William Hazlitt
1778 - 1830. Buried in St.Anne's Churchyard; native essayist and critic hailed by many as one of the greatest writers in English. He lectured on Shakespeare, other English poets and writers ("a despiser of the merely rich and great; a lover of the people, poor or oppressed…" Charles Wells.) Presently the site of Hazlitt's Hotel, favourite of Bill Bryson.
Wolfgang Amadeus Mozart
1757 - 1791. The Austrian composer was based here, as a child prodigy, with his father, Leopold, from 1764 - 1765.
John Logie Baird
1888 - 1946. The Scottish engineer who first developed television which he demonstrated here in 1926. His system was adopted by the BBC and led to the first public transmissions in 1936. He also experimented with colour, 3D, screen projection and stereophonic sound.
Dr.

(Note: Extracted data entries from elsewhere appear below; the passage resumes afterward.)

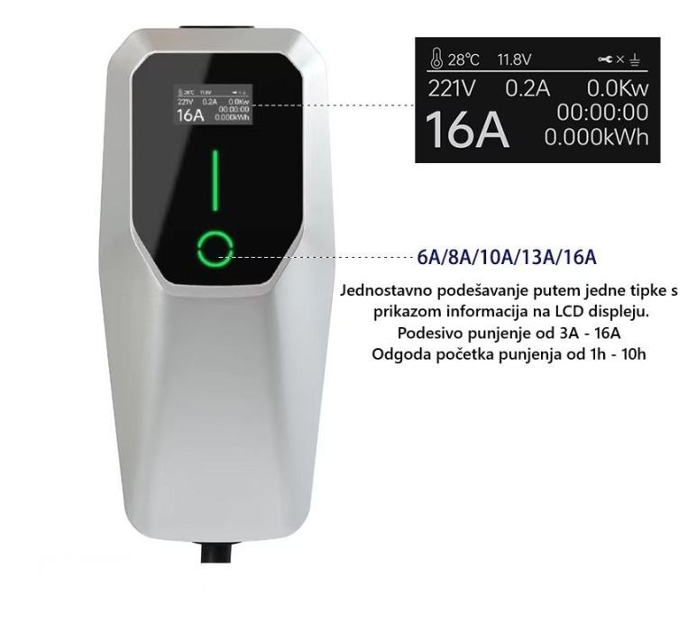 ➡️ Podesivo punjenje od 3A - 16A
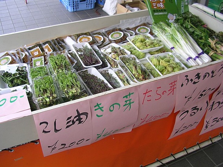 この地域の山菜は4月初旬がピークらしい。店頭にはワラビ・タラの芽・フキノトウが沢山残っていた。
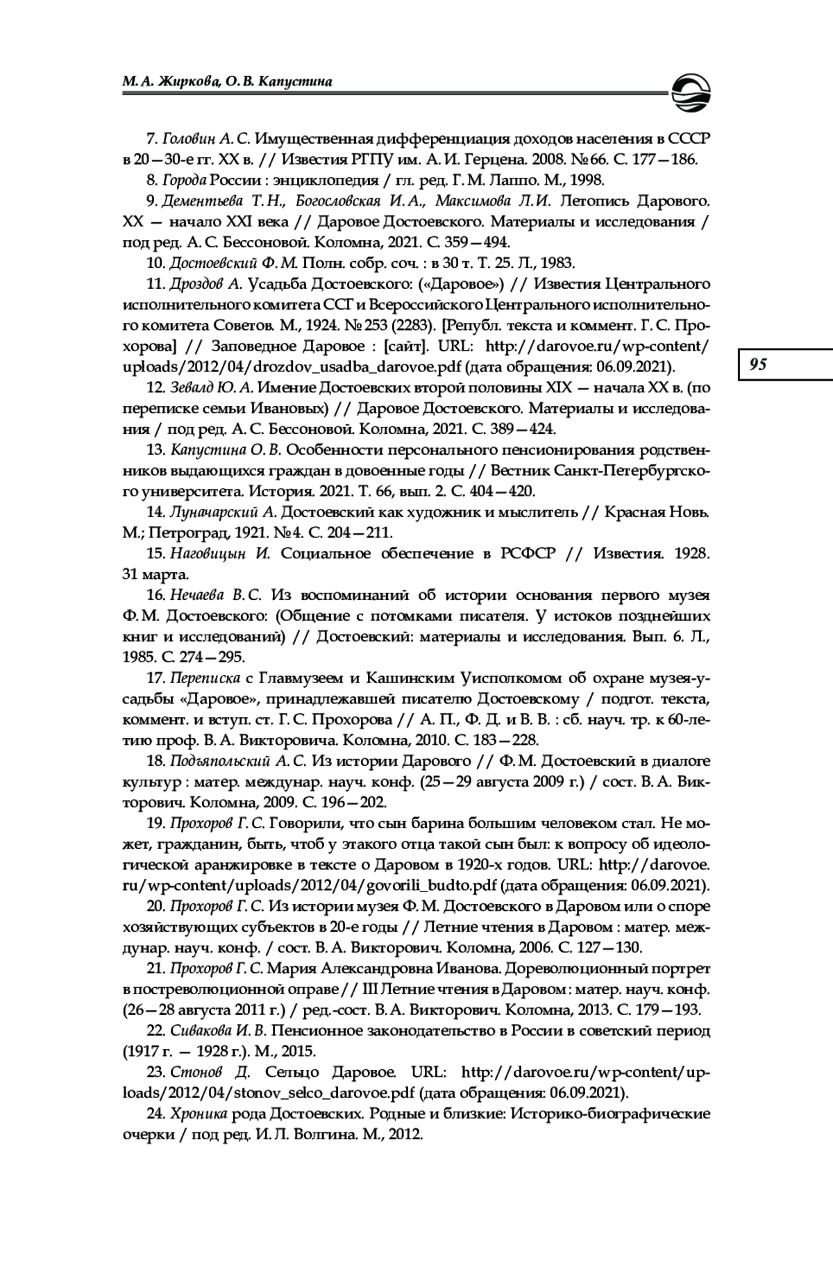 9. Дементьева Т. Н., Богословская И. А., Максимова Л. И. Летопись Дарового. ХХ - начало ХХI века // Даровое Достоевского. Материалы и исследования / под ред. А. С. Бессоновой. Коломна, 2021. С. 359-494.
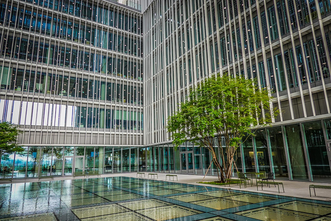 建築最大的特點就是位於建築內部的三個庭院——Roof Garden。在五樓、十一樓、十七樓處留出高達5~6層的大型空間,員工們不管在建築物的哪個角落工作都能與自然親近、並感受四季的變化,自在地溝通、放松休息。
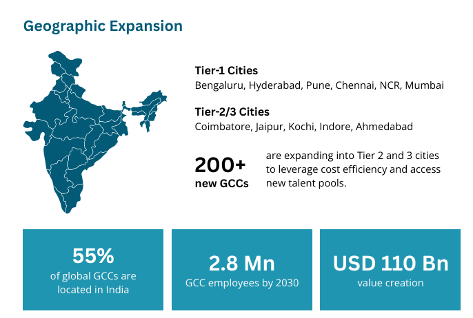 The report states that GCCs’ workforce comprises 20–22% entry-level employees, 75–77% mid-level specialists, and about 2.5% leadership roles. Salaries in GCCs are 25–30% higher than national averages. TeamLease projects that 14–22% of new hires by FY2030 will be digital-first freshers with skills in AI, cloud, data engineering, and cybersecurity.
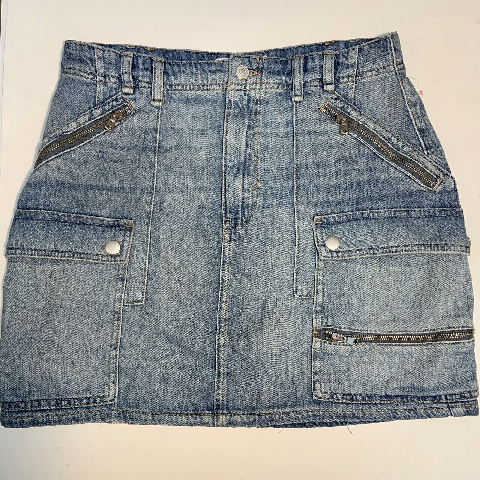 Free People | new with tags | blue denim jean skirt. Super cute skirt features angled zippers on the front along with snap flap pockets . Back has snap flap pockets also. Size 31 Measures Approximately 31” x 16” from the top to bottom
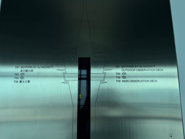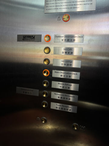 티켓으로 방문할 수 있는 곳은 58층 메인 전망대와 61층 전망대(외부 연결)이다. 사전 예약이 가능하며, 현장 티케팅보다 저렴하기 때문에 바로 전날(마카오 도착한 날) 예매했다. 엘리베이터는 초고속으로 223m 높이의 전망대로 곧장 올려다 주었다.
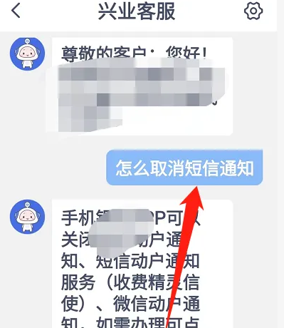 在兴业客服页面,发送“怎么取消短信通知汽欧”。
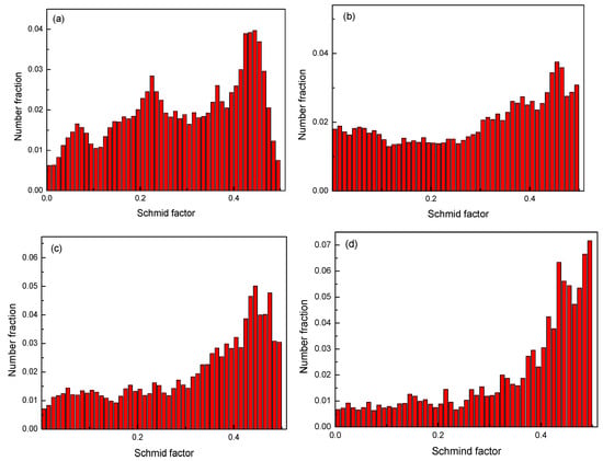 The Schmid factor distribution of the Mg-2Y-0.6Nd-0.6Zr alloy. (a) as-rolled; (b) one pass; (c) four passes; (d) six passes.
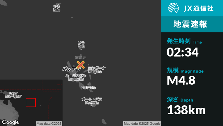 | 震源地 | バヌアツのPort-Olryから東北東51kmの地点 |
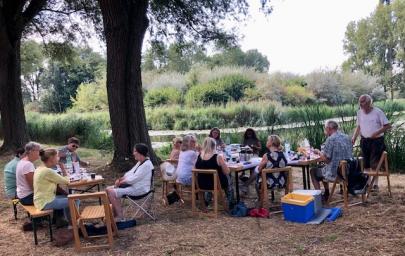 terug naar het beginpunt van de wandeling, oudste gedeelte van het Schollebos, hebben we met zijn allen lekker gepicknickt, midden in de natuur met een prachtig uitzicht op het water. De bomen waaronder we hebben gepicknickt gaven ons veel verkoeling op deze dag.
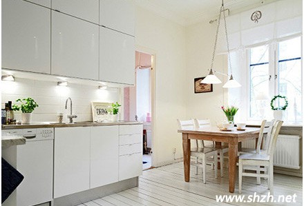 廚房設(shè)計(jì)的是開放式的,和用餐的餐廳是在一起的,餐桌和座椅搭配的很自然,周圍有些空間放上綠色植物,讓整個(gè)廚房空間顯得很有活力,并且白色的灶具及廚房用具都是以白色為主,整體顯示整潔、干凈。此種裝修設(shè)計(jì)讓整個(gè)戶型不同區(qū)域在地面上的變化很自然的營造出不同氛圍。
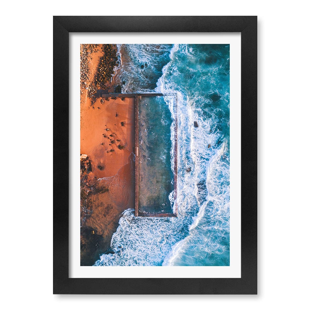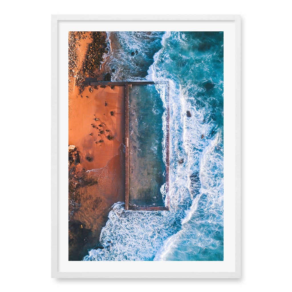 This aerial photo was taken above Newport Beach Rock Pool, Sydney NSW. This unique rockpool is positioned at the southern end of Newport Beach and has a natural rock platform as its floor. Measuring 50 metres long, its Olympic size makes it a favourite place for local swimmers to do laps while surrounded by the sound of the ocean waves.
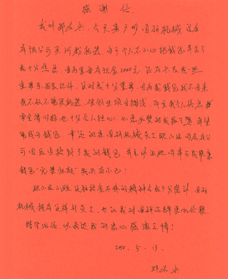 5月13日下午,一封署名为邓名兵的感谢信送至公司领导手中,信中详细描述了公司仓管员欧小凤拾金不昧的感人事迹,请求公司对欧小凤进行表扬,并感谢公司培养了欧小凤这样的好员工。

John Snow Â
1813 - 1858. Pioneer anaesthetist and epidemiologist. He proved in 1854 that the Broad Street pump (the original of which was situated outside The 'Newcastle-on-Tyne' public house - later renamed The John Snow in his honour) is indicated by a red granite kerbstone in Broadwick Street. Dr.Snow discovered that the source of the major outbreak of cholera in the area, in which above 500 Sohoites died, was water-borne and that the source of the infection was the pump. Cholera, a lethal infection of the intestines had reached epidemic proportions in Britain from the 1830's.